How to complete this task: What you produce should be the lines from the line containing "Signed and editioned" through the last line below, both ends included, reproduced exactly and without pictures.

★ ★ ★

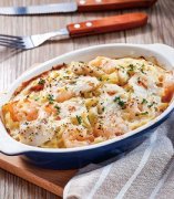 奶油味暗恋,奶油海鲜焗宽面 【材料】 义大利宽面100公克 虾仁100公克 鱼片100公克 蘑菇片60公克 洋葱丁10公克 【调 味 料】 盐1茶匙 橄榄油1大匙 黑胡椒粒少许 市售白酱200公克 【做法】 1.烧一锅水(约500CC),加入1茶匙盐,水开后将
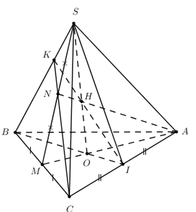 Chóp SABC. I, M, N lần lượt là trung điểm của AC, BC, SM.
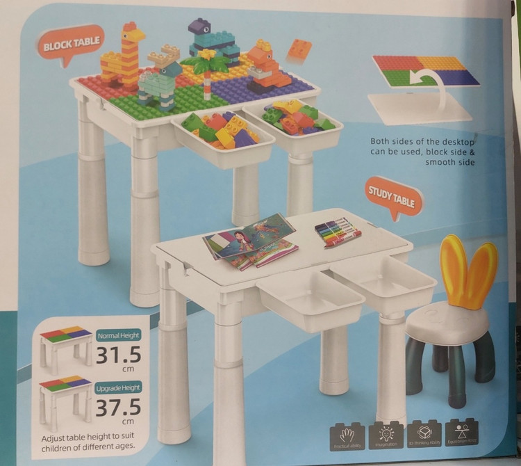 این مجموعه شامل یک میز چندکاره، یک صندلی مناسب برای کودکان و چندین قطعه بلوک ساختمانی است که برای شروع بازی و یادگیری کافی به نظر میرسد.
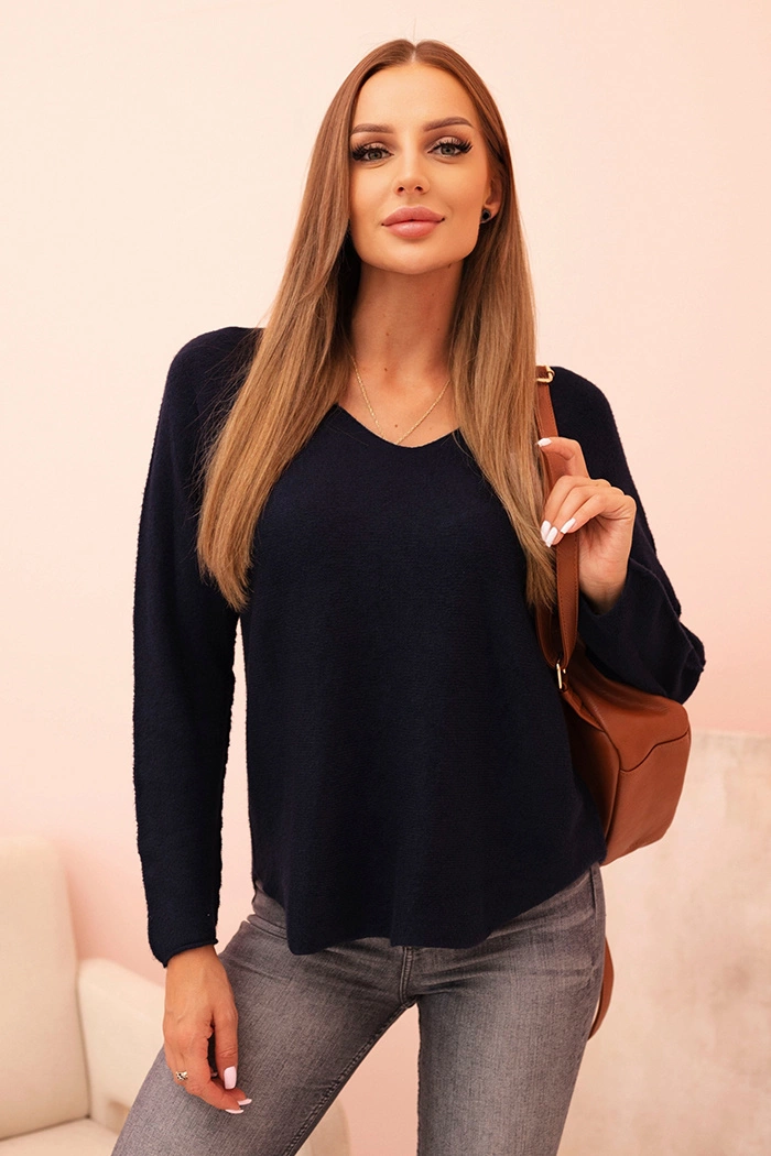 Sweter damska z wiskozą z dekoltem w serek granatowy
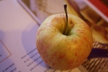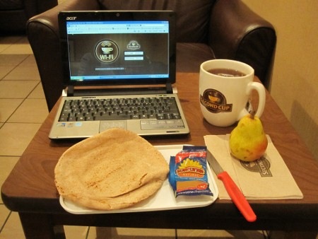 En sirotant mon thé Earl Grey au Second Cup ce matin, j’ai mangé un pain pita avec un restant de beurre de graines de tournesol et une poire.
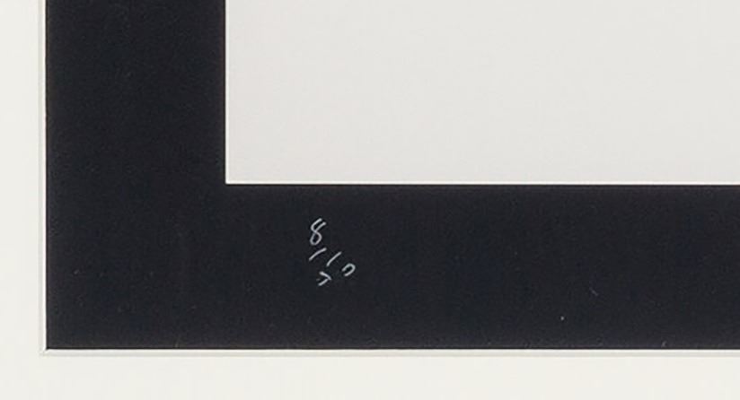 Signed and editioned 8/50 in silver ink, lower margin recto.
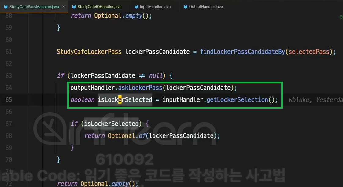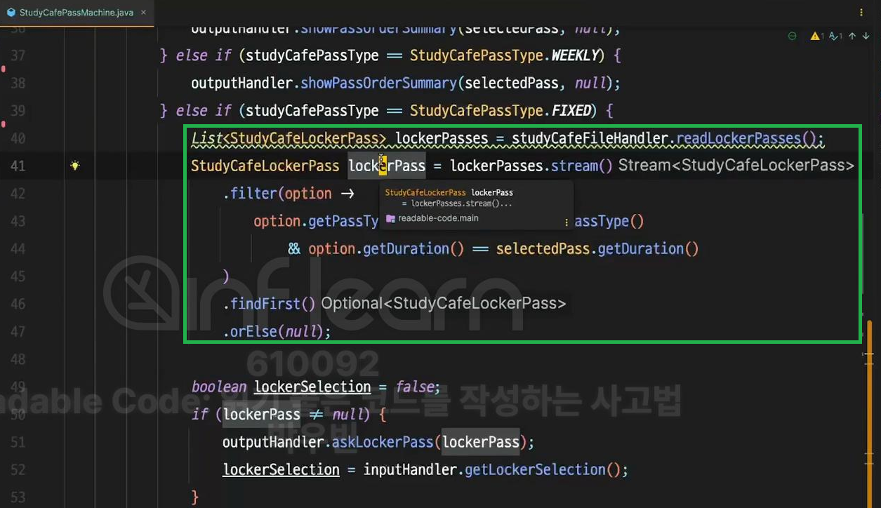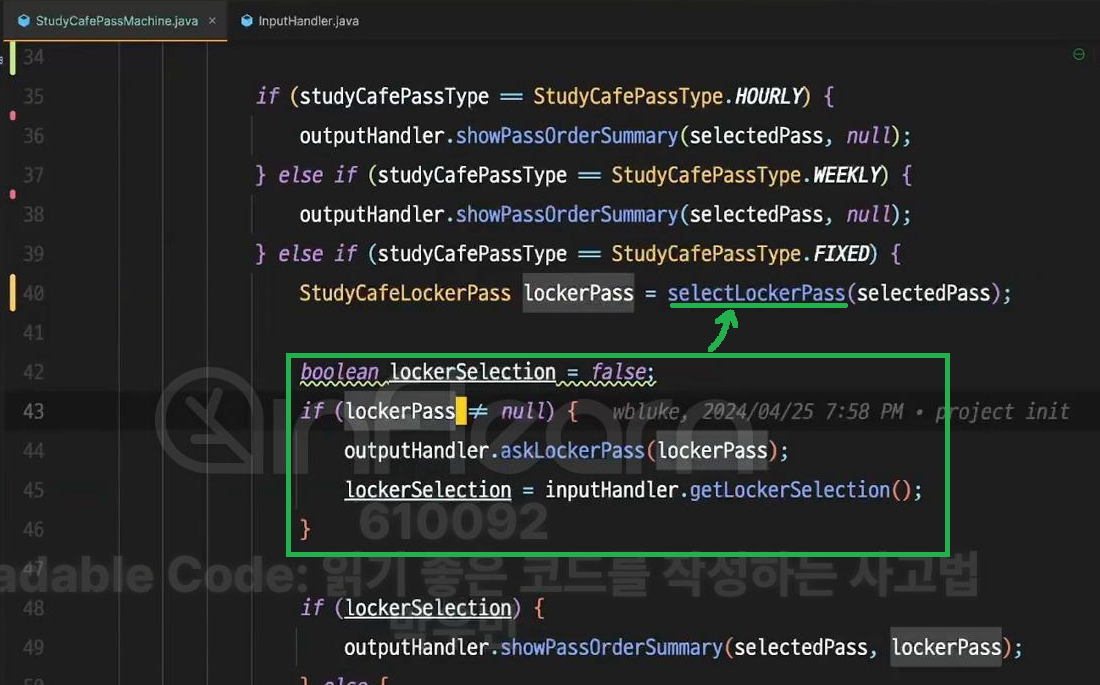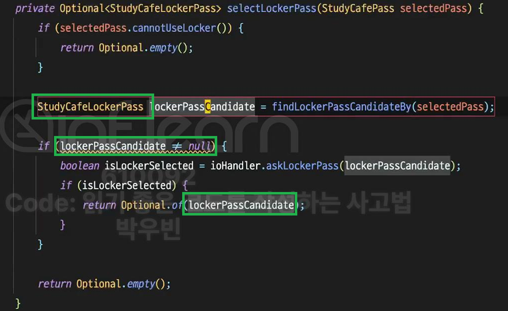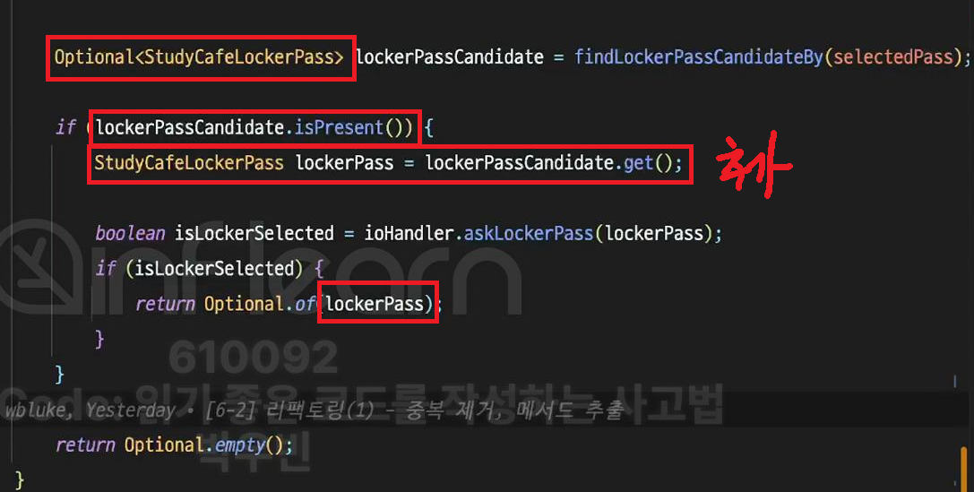 - 사물함 이용권을 고르는 로직을 메서드로 추출해보자.
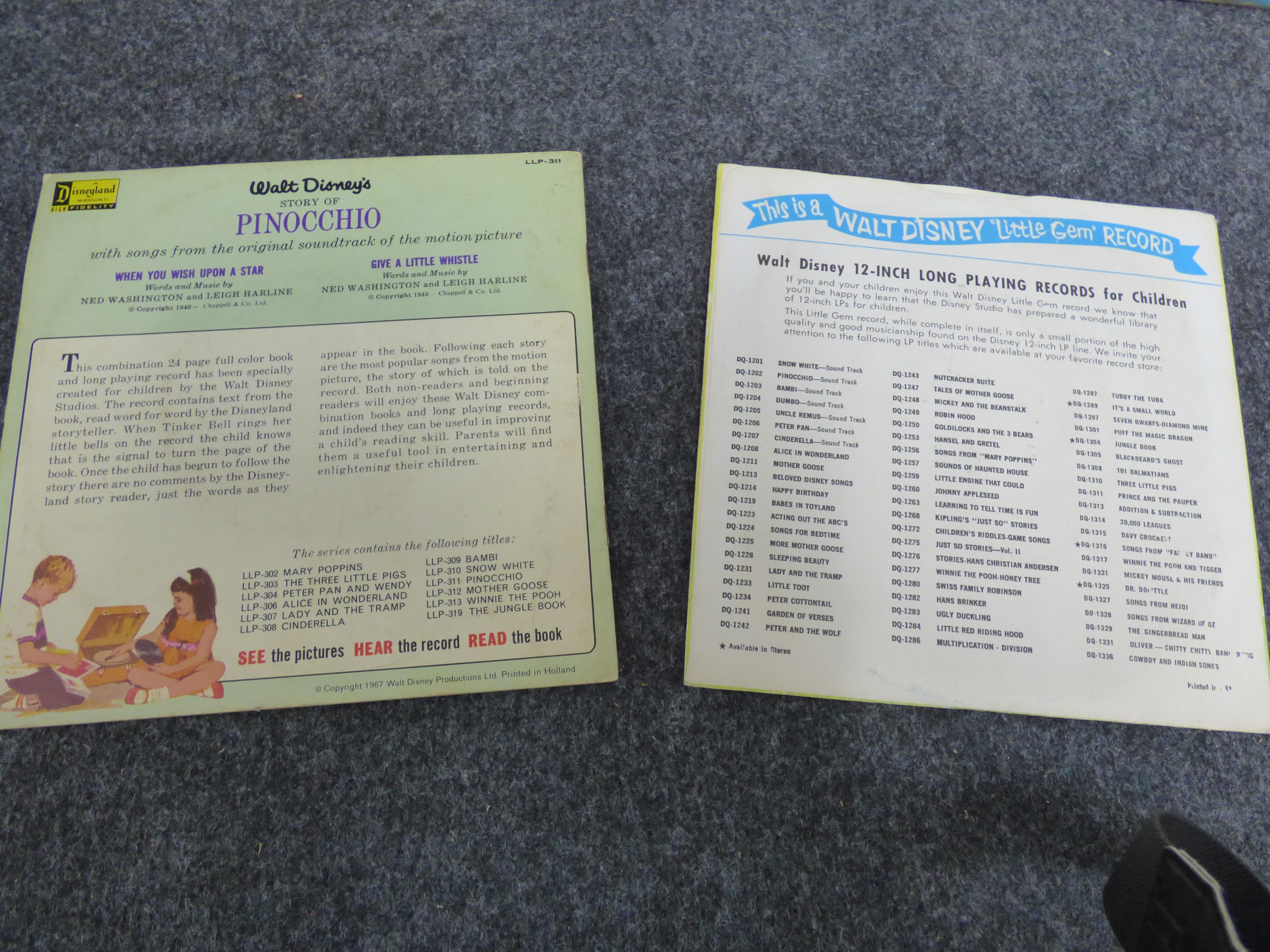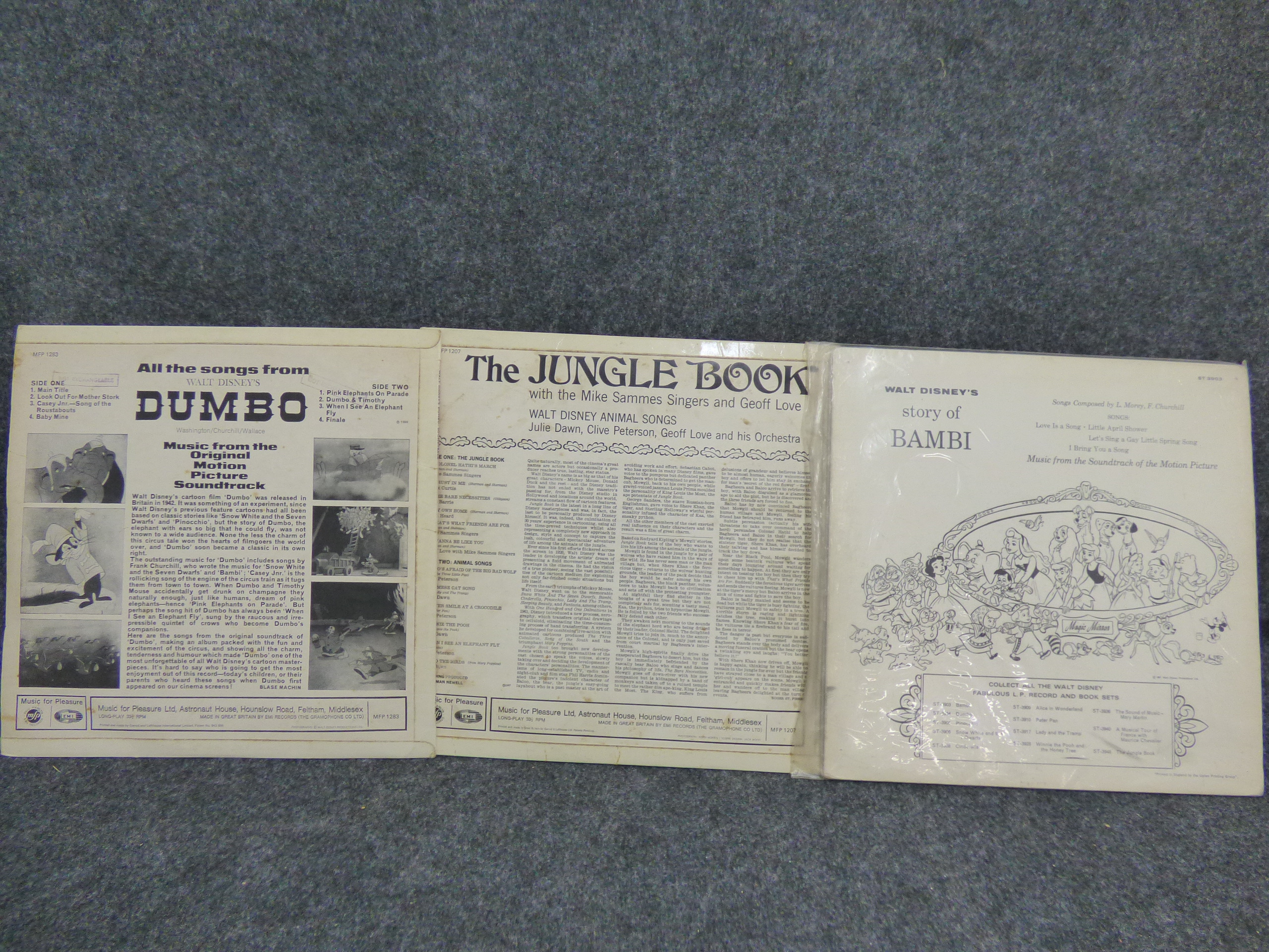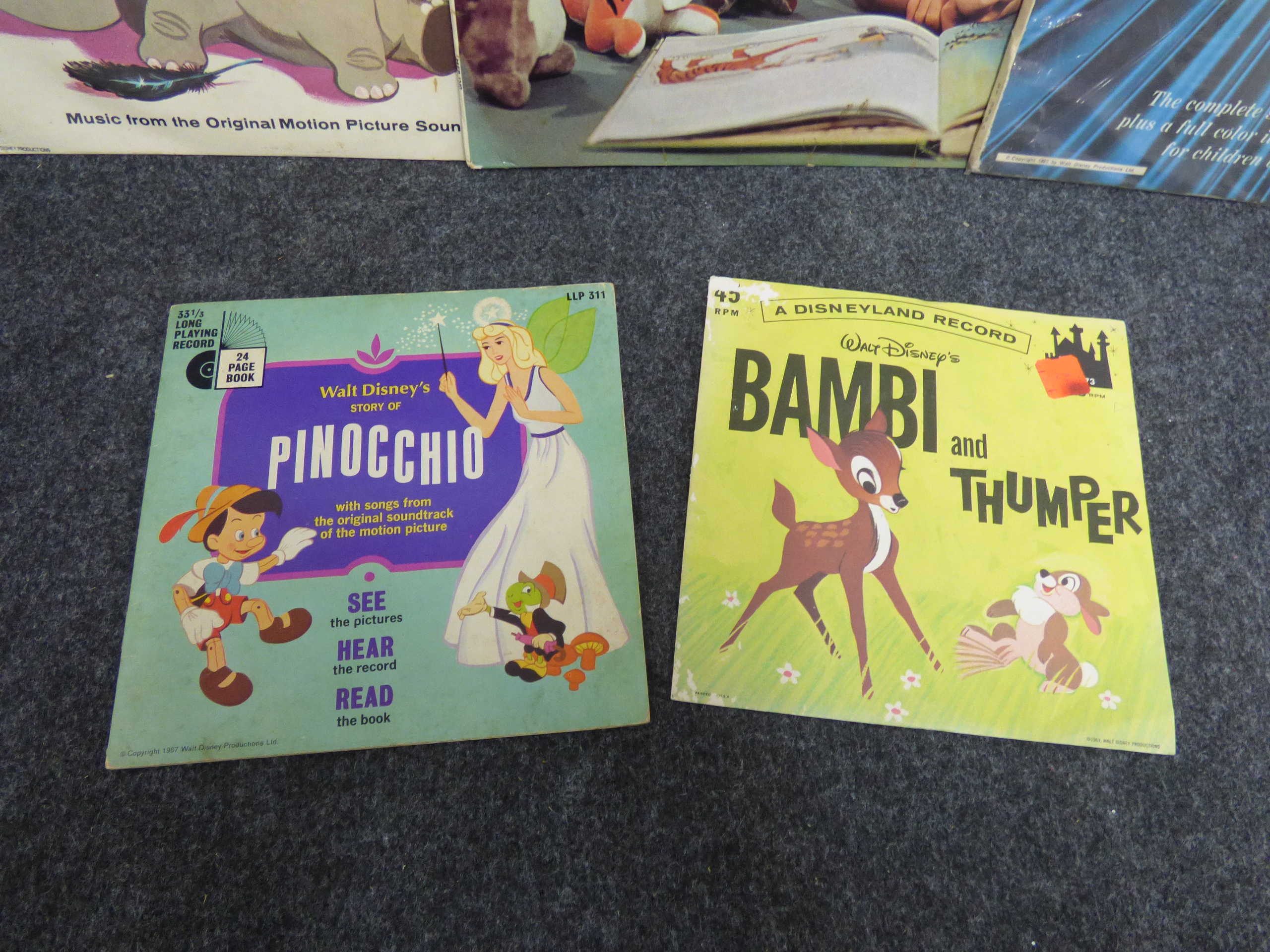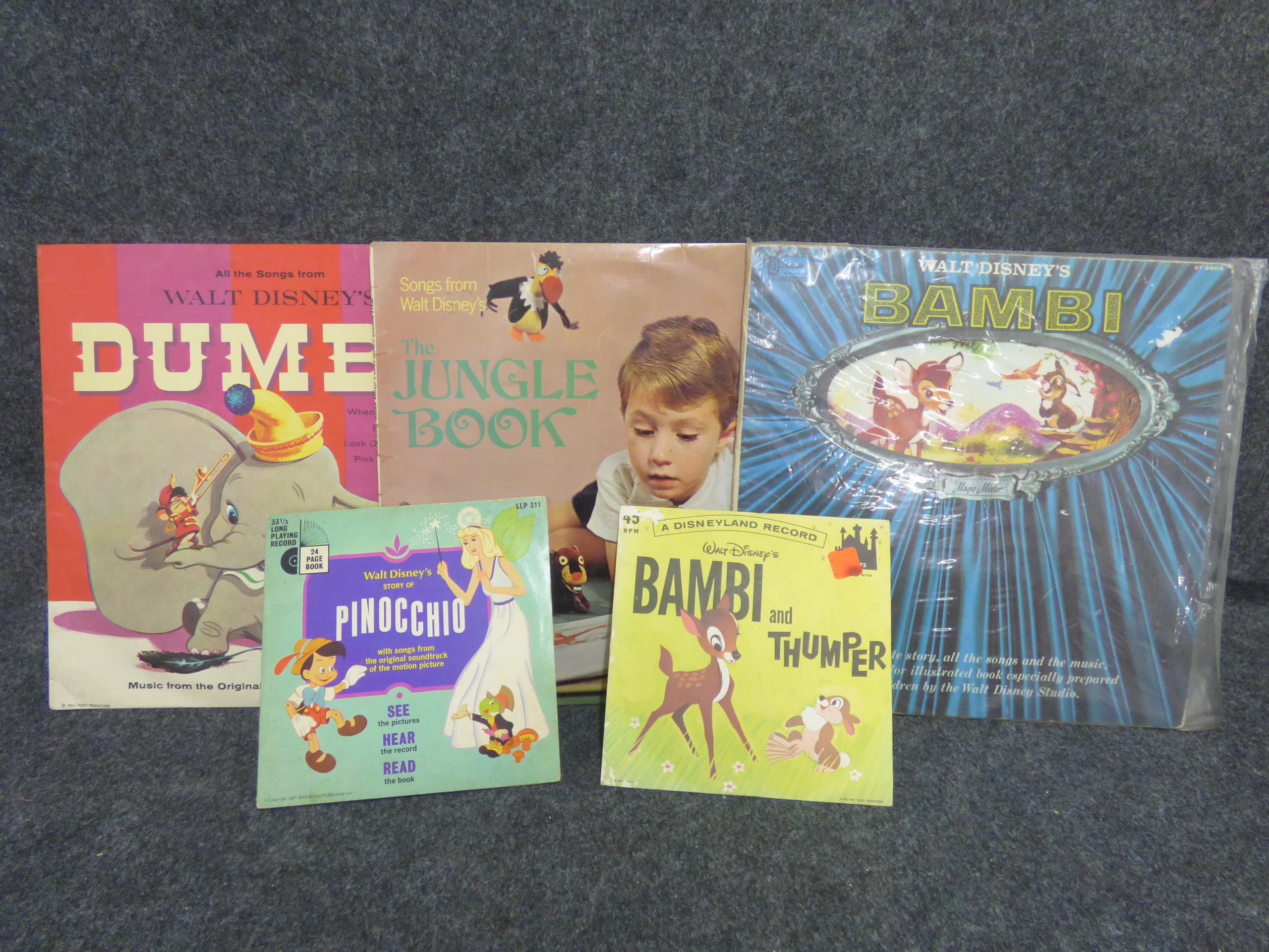 A collection of five multicoloured Walt Disney vinyl record and storybook sets including titles such as Dumbo, The Jungle Book, Bambi, Pinocchio, and Bambi and Thumper, featuring Disneyland Record and Music for Pleasure labels.

★ ★ ★

Answer section:
 Signed and editioned 8/50 in silver ink, lower margin recto.
 - 사물함 이용권을 고르는 로직을 메서드로 추출해보자.
 A collection of five multicoloured Walt Disney vinyl record and storybook sets including titles such as Dumbo, The Jungle Book, Bambi, Pinocchio, and Bambi and Thumper, featuring Disneyland Record and Music for Pleasure labels.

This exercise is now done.